The Hard Light of Day; an Artist’s Memoir
Published by UQP, 2011 / Skyhorse Publishing, New York ​2017
Written over the course of 25 years, this book is a candidly brutal and groundbreaking account of race relationships and friendships in the central Australian town of Alice Springs. In the early 1980s, artist Rod Moss arrived to teach painting in Alice Springs and soon was adopted as a family member by the local Arrernte people. Keeping a journal during the next three decades, he chronicled his experiences as he taught, struggled to paint, raised his children, and immersed himself completely in the Arrernte lifestyle. Filled with evocative photographs and paintings, this rare insight into the reality of life there illustrates the endemic violence, alcoholism, and rampant ill health as well as the enriching and transformative power of Arrernte friendships and culture.

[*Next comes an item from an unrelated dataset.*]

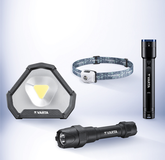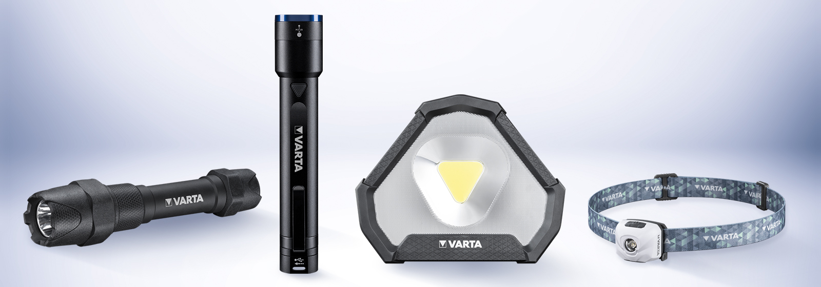 VARTA flashlights are perfect for any situation – at home, at work or on your outdoor adventures. Therefore, our lights range covers flashlights, head lights, camping lanterns, beam lanterns, key chain lights and helpful gadgets – from price entry level to premium prices, from lightweight to extremely robust, offering a variety of sizes.

One Thousand Cuts; Art and Life in Central Australia
Published by UQP, 2013
Thirty years ago, artist Rod Moss made his home in the stark beauty of Australia's Centre. Since then, his place in Alice Springs and the traditional lands of the Arrernte has deepened, as has his enduring intimacy with the families of Whitegate camp on the town's eastern fringe. In this frank and powerful illustrated memoir, Moss gently uncovers the places where his own family and art intersect with the lives of those in the Whitegate mob. The closely connected Hayes, Johnson, Ryder and Neil families consider Moss one of their own and, through them, Moss shows us the majesty of the land, the necessity of story, the intensity of kin, the madness of violence, the tenderness of friendship, and the rhythm of grief. One Thousand Cuts continues where Moss's highly acclaimed first book, The Hard Light of Day, left off - this time in pictures as much as words. Through Moss's moving stories and his stunning paintings and photographs, we share in and celebrate his everyday life with the Whitegate mob, including their continuing fight for a standard of living that is basic to most Australians.
Crossing The Great Divide
Published by Wild Dingo Press, 2019
The memoirs and paintings that Rod Moss has produced during the last 35 years are unique in their dramatisation of the lives of his trusting Aboriginal family and have been critically acclaimed nationally and internationally. In his third memoir we follow the nurturing of the curiosity and openness that has fastened him to the luminous power of Central Australia and its First Peoples.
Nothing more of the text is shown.